The most well-known approach to alignment uses reinforcement learning, commonly with an algorithm called Proximal Policy Optimisation (PPO) (see **Training language models to follow instructions with human feedback** from the OpenAI team for a canonical overview**)**. The process is known as “reinforcement learning with human feedback” - or simply RLHF. RLHF was broadly responsible for transforming their GPT-3 model – an impressive but wayward curiosity which generated reams of made-up text – into ChatGPT – the essential companion for anyone who likes all questions to be answered with bullet points followed by a patronizing equivocation.

RLHF using PPO has a straightforward-enough recipe (note this is not the only way to do it, but it is how you’ll do it via the HuggingFace ecosystem):

  1. You start with a large number of well diversified inputs;

  2. You have the LM (the “policy model”) generate multiple outputs for each input;

  3. You get your annotation team to score the outputs using a preference-ranking system;

  4. You train a “reward model” to be capable of predicting which output the humans will prefer.

And now you do the following, in a loop, until the improvements level off or you run out of cloud credits:

  1. You select a set of example inputs;

  2. You generate two outputs per input;

  3. You use the reward model to predict which output will be preferred;

  4. You use PPO to adjust the policy model’s weights, steering it towards the outputs with higher reward.

PPO has some downsides, however. Principle among these is that it’s memory hungry. (Typically, your reward model is your full LM, you just swap the language head for a reward head). We were using low-rank adaptors for both the reward model and for the policy model, so this wasn’t so much a problem, but it is an overhead. (You’ll also need to maintain a copy of the original fine-tuned checkpoint, which will constitute a “reference model” for the PPO algorithm to prevent over-fitting to the reward model.)

All this means that even in a parameter-efficient training regime, you’ll still be hot-swapping adaptors during the RLHF process which adds to the memory and compute requirements of the whole exercise.

A recent(ish) alternative to RLHF with PPO is the “Direct Preference Optimisation” (DPO) algorithm, originally proposed by Google Deepmind. DPO is rather elegant re-parameterisation of the RL set-up, resulting in an optimisation function with an implicit rather than an explicit reward function.

With no need to train a reward model, nor to keep one in memory during training, DPO is undeniably much more efficient. But is it as good?

DPO vs RLHF: the showdown

Irritatingly, the situation is not very clear cut.
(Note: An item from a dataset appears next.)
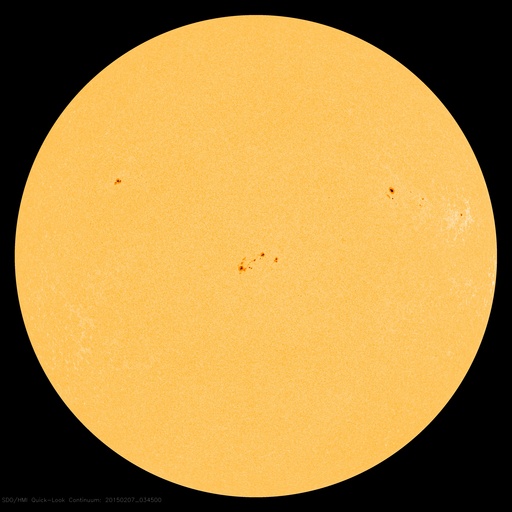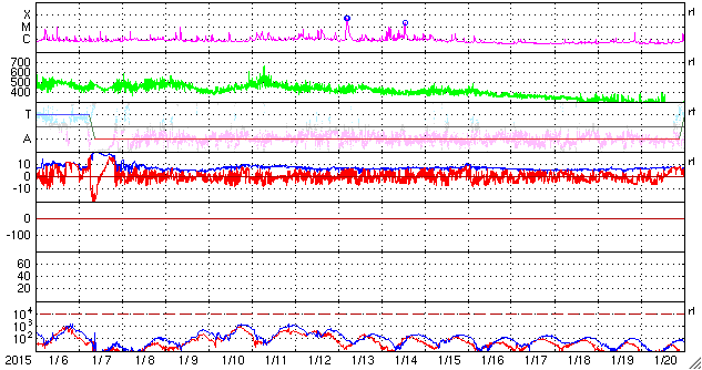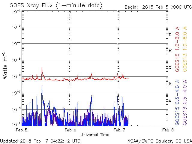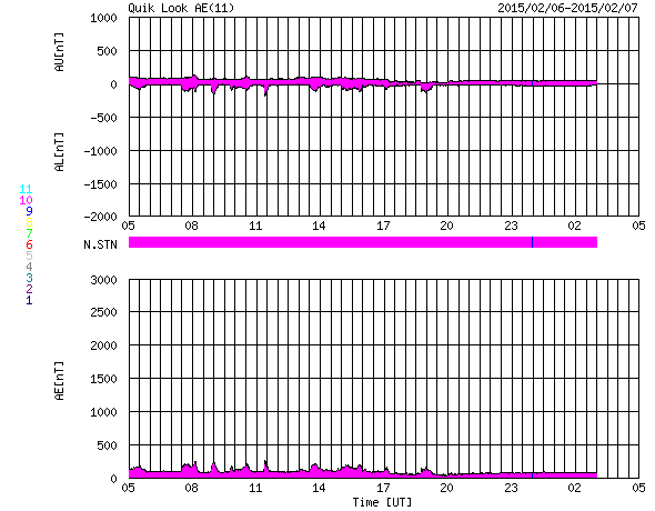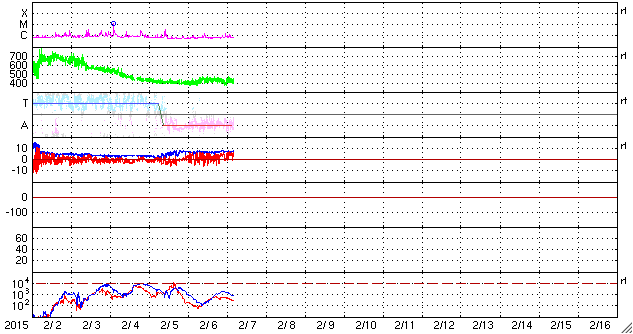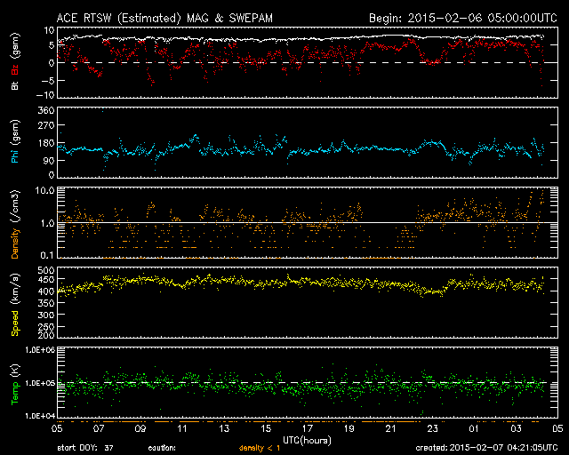 2015/ 2/ 7 13:23 更新 太陽風は穏やかで、磁気圏も静穏です。太陽も穏やかです。 担当 篠原 太陽風は、昨日以降も、 速度430km/秒と平均的な速さが続き、 磁場強度は7nTとやや強めの値で安定しています。 磁場の南北成分は、北寄りの傾向になっていて、 ACE衛星のグラフの赤線は、 0nTよりも上で変化するようになっています。 このため、太陽風から磁気圏へのエネルギーの流入は弱まっていて、 磁気圏は穏やかです。 AE指数は、小さい変化がぽつぽつ見られる程度です。 27日周期の図の前周期の太陽風は、 現在の様な値がもう4日ほど続き、 その後、速度が更に下がって低速風に変わっています。 同様の変化が見られるとすると、 これから10日程度、穏やかな太陽風が続きそうです。 太陽も穏やかです。 2277黒点群、2280群、2281群それぞれで、 C1の小さいフレアが起きた程度です。 放射線帯の高エネルギー電子は、低下が始まり、 既に1000にまで下がっています。

Since the publication of Direct Preference Optimization: Your Language Model is Secretly a Reward Model in mid 2023**,** various teams of researchers have weighed into the DPO vs. PPO debate - often with conflicting and nuanced results. For example:

  • In Reward Model Learning vs. Direct Policy Optimization: A Comparative Analysis of Learning from Human Preferences, authors Nika et. al. perform a mathematical analysis of both RLHF and DPO. Among the results is an important one on non-realisable rewards - i.e. when the reward function cannot precisely model human preferences. This can (actually, let’s say will) happen when you ask humans to preference-score model outputs. Some level of inconsistency is almost guaranteed for all but the most trivial of comparisons. In these situations, RLHF solutions have an irreducible bias whereas DPO solutions can have an asymptotically reducing bias, achieved by simply increasing the size of the preference-learning dataset.

  • In Unpacking DPO and PPO: Disentangling Best Practices for Learning from Preference Feedback, authors Ivison et. al. conduct a set of controlled experiments on reward learning. Among the results are two which stand out:

    • Larger reward modelling datasets lead to improved downstream performance on the specific task being demonstrated.
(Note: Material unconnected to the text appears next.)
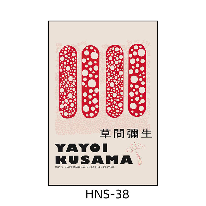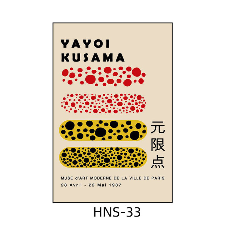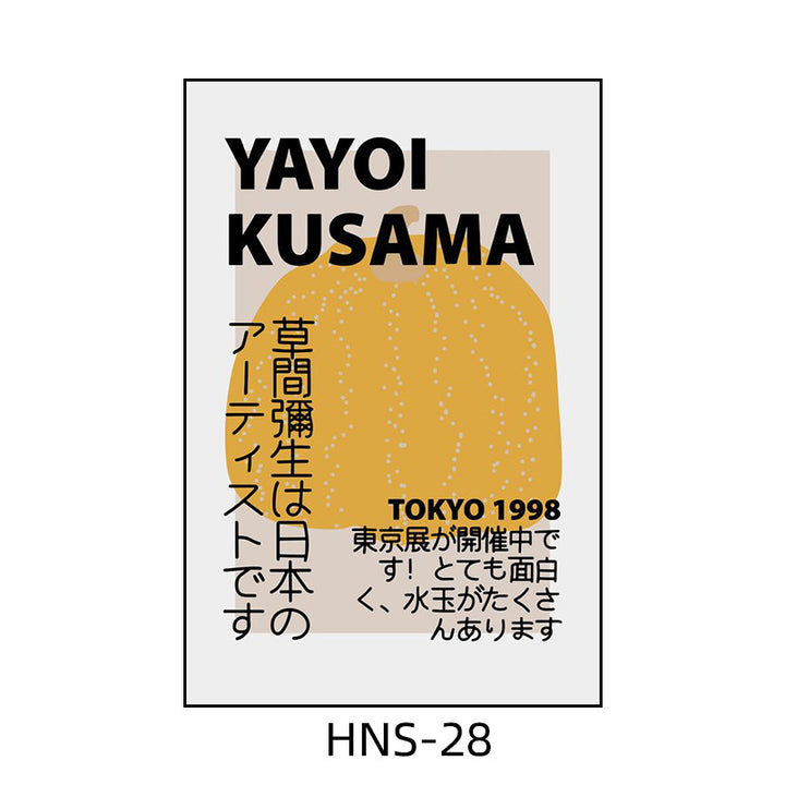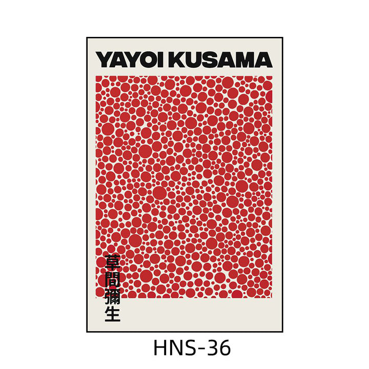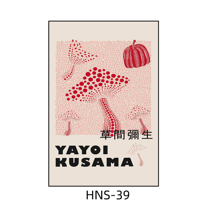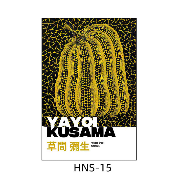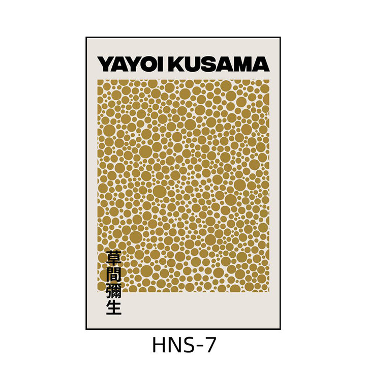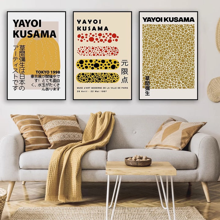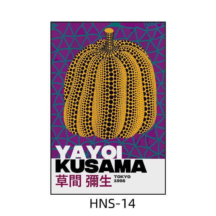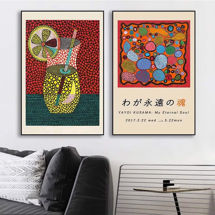 Yayoi Kusama hanging painting polka dot pumpkin niche art mural living room sofa background w...

    • PPO outperforms DPO across the range of reward-learning datasets and benchmarks being tested.

  • Recently (at the time of writing - and too late for our project) the Allen Institute for AI have published a detailed report into post-training recipes, in which they noted that PPO reached similar levels of performance to DPO but took 14 times as much compute.

So which did we choose? Our interpretation of the available evidence was that - although (theoretically speaking) DPO ought to perform best - in actual usage it’s often hard to realise these advantages and PPO can offer superior results.

We chose to use RLHF with PPO. To summarise, the key factors in this decision were:

  1. Project timescales did not allow for a full schedule of experimentation and hyperparameter tuning for both methods;

  2. The balance of both anecdotal and rigorous reports we read suggested that PPO - although sometimes unstable - often gave better results than DPO, despite the additional encumbrance of having to train a reward model;

  3. Our local model was a 7B parameter class GPT, small enough that the additional memory and compute overhead of using a reward model was not an issue.

So what did we learn as a result?

Lesson 1: put the effort into getting excellent preference annotations

There is a world of difference between the results you’ll get from a well-run annotation project as compared to those from a poorly run one. There are plenty of experts and companies out there who can help you run a good data annotation project (ahem, consider contacting me if interested). Our experience of RLHF annotation suggests that the following are particularly important:

  1. Make sure you write a comprehensive brief for your annotators. Have a trial annotator read it, then check that their interpretation of the task exactly matches your intention by having them do some annotations and walk you through their thinking. Use this exercise to properly refine the brief - for example adding explicit instructions for handling edge cases.

  2. In general, it’s better to ask an annotator to score multiple aspects of a pair of completions, rather than to give a single preference score. It forces the annotators to explicitly and separately consider different aspects of the outputs. (For us, we asked questions along the line of “which result produced a more comprehensive and accurate list of the significant entities?”, “which result did a better job of inferring the key relationships?” and “which result produced more concise and accurate summaries?”. We then simply summed the aspect-based preferences to get an overall preference.

  3. Annotation is a cognitively demanding task and can quickly lead to exhaustion. Typically, annotators will just crack on, but the quality of their work will degrade as they tire. To help mitigate this, it’s well worth writing a simple annotation app tuned for your task (e..g using GradIO) to assist them. Simple tricks like parsing, highlighting and structuring texts and coordinating the layout will make it much easier on the eye and you’ll really see the difference in quality. As an added bonus, an app will make it easy to track the rate of annotations and release new batches. This is helpful for managing people and budgets, and for forecasting the number of samples you’ll generate.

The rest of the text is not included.